Depending on the target gene, the repressor protein complexes assembled may show different components. The repression of the Map4 and MAD1 genes [93, 95], for example, is carried out by a complex including p53, HDACs and the corepressor mSin3a, which was shown to mediate the interaction between p53 and HDAC [92]. mSin3A also plays a pivotal role in the p53-dependent repression of other genes like AFP [26] and c-myc [87]. Ho et al. [87] observed that p53-induced G1-arrest is dependent on functional c-myc repression and this regulation is sensitive to the HDAC-inhibitor trichostatin A (TSA). Accordingly, the corepressor mSin3a is recruited on the c-myc promoter possibly for mediating the interaction with HDACs. In conclusion the repressor complexes which control chromatin structure of repressed target genes contain different components depending on the gene to be silenced. p53 is often directly associated with the promoter but may also be bound indirectly through interactions with other promoter-binding proteins.

4. Indirect Repression through Regulation of Other Target Genes

For indirect repression, p53 binding to the promoter or to cofactors is not required (Figure 5). Indeed, p53 regulates expression of numerous transcription factors like TCF4 [97], ATF3 [98] or c-fos [99], and changes in their expression influence transcription of their target genes, too (Figure 5, panel I). One example of indirect p53-dependent repression is the regulation of the Cyclin D1 gene by crosstalk with the NF- B pathway [100]. A NF- B p52/Bcl3-complex controls expression from the Cyclin D1 gene and p53 inhibits expression of the Bcl-3 coactivator unit. Interestingly, the p52-subunit was required for Cyclin D1 repression, suggesting that it acts as a repressor when Bcl-3 is absent. The p52-subunit is able to recruit HDAC1 to the Cyclin D1 promoter and interactions of these proteins increase significantly after p53 induction [100]. So, this repression mechanism ultimately culminates in changes in chromatin structure which leads to transcriptional repression.

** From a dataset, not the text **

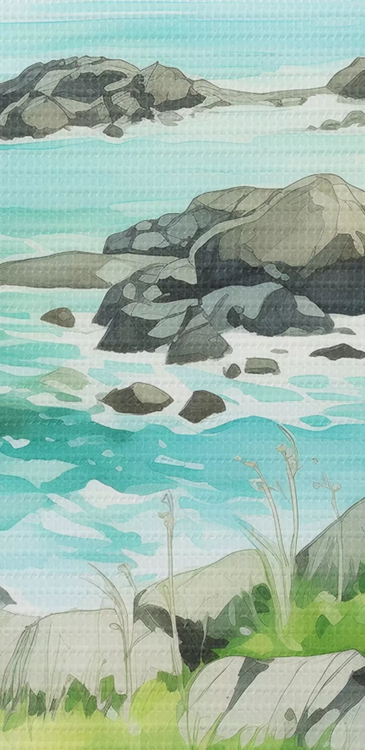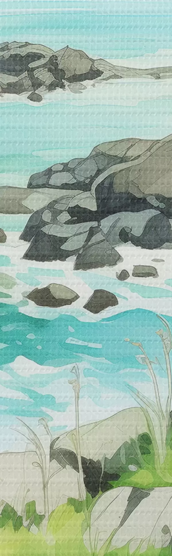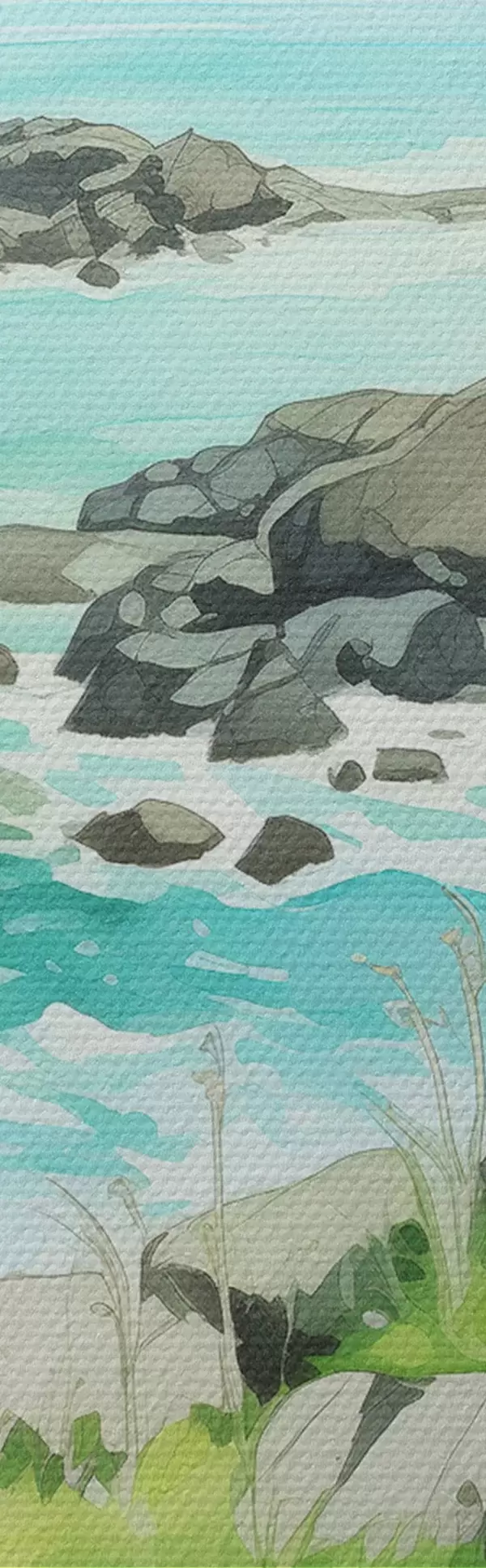 Picture Norway nature, fjords, summer landscape, green grass, mountains, watercolor style Nr s43188

Special importance to gene repression by p53 has the target gene p21CIP1. This CDK inhibitor protein has been implicated in the repression mechanism of several genes like CHK1 [101], survivin [36, 39], topoisomerase IIα [102, 103], Cyclin B1 [36, 103105], Cyclin A2 [36, 103], Cdc2 [36, 103, 104], Cdc25A [106, 107], Cdc25C [36], hTERT [108], PLK1 [109], Rad51 [103], the MCM genes [110] and BRCA1 [36]. The p21CIP1 protein was shown to inhibit several CDKs which are essential for cell-cycle progression. Usually, the retinoblastoma protein gets hyperphosphorylated by CDKs in G1/S-Phase of the cell-cycle which leads to release of bound E2F transcription factor complexes mediating transcriptional regulation of numerous genes during the cell-cycle. p21CIP1 causes decreased CDK-activity leading to hypophosphorylated Rb which in turn remains complexed with E2F [111, 112] (Figure 5, panel II). Expression of E2F-dependent genes is therefore decreased as a consequence of p21CIP1 expression. When p21CIP1 is involved in the molecular mechanism, p53-dependent repression at the promoter level should depend on E2F-binding sites, which in fact was demonstrated for survivin [39], hTERT [108], Cdc2 [103, 104, 113], Cyclin A [114] and also suggested for Cyclin B1 [103, 104].

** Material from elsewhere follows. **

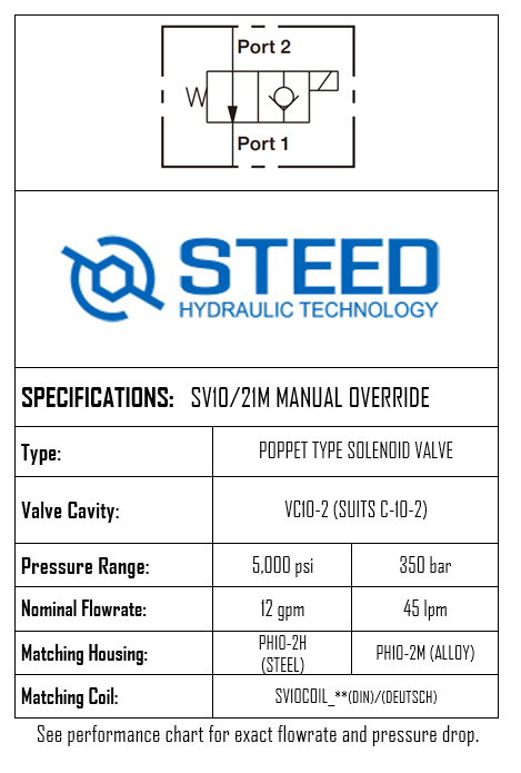 SV10/21M • SOLENOID VALVE 2 WAY 2 POSITION, NORMALLY OPEN • SAE-10-2 • 350 BAR • 57.0 LPM • STEED

Analyses of the cdc2 promoter showed that its repression is dependent on both p21CIP1 and the retinoblastoma proteins (Rb, p130 and p107). p21CIP1 activity induces a p130/E2F4 complex which is recruited to the CDE/CHR elements of the cdc2 promoter. Mutation of these elements impairs p53-dependent repression [113]. The remaining potential of p53 to repress the promoter independent of the CDE/CHR elements may be attributed to other repression mechanisms, for example the recruitment of chromatin remodelling enzymes with subsequent alterations in the chromatin structure. So cdc2 is another example of a p53-target gene, where many different molecular mechanisms act together for mediation of p53-dependent repression.

Beside cdc2, p53-dependent repression of several genes is considered to rely on the presence of CDE/CHR tandem elements within the respective promoters [115]. Plk1 and topoisomerase IIa genes were shown to be downregulated through CDECHR sites upon p21CIP1 overexpression [103]. The CDE/CHR tandem element and p21CIP1 are also found to be responsible for mediation of p53-dependent repression of the Cdc20 promoter [116]. However, these results have been challenged by a recent study, demonstrating that under physiological levels of p53, neither p21CIP1 nor the CDECHR elements are required for p53-dependent repression. Instead, the authors identified a p53-binding element further upstream in the Cdc20 promoter as the major regulatory site [117].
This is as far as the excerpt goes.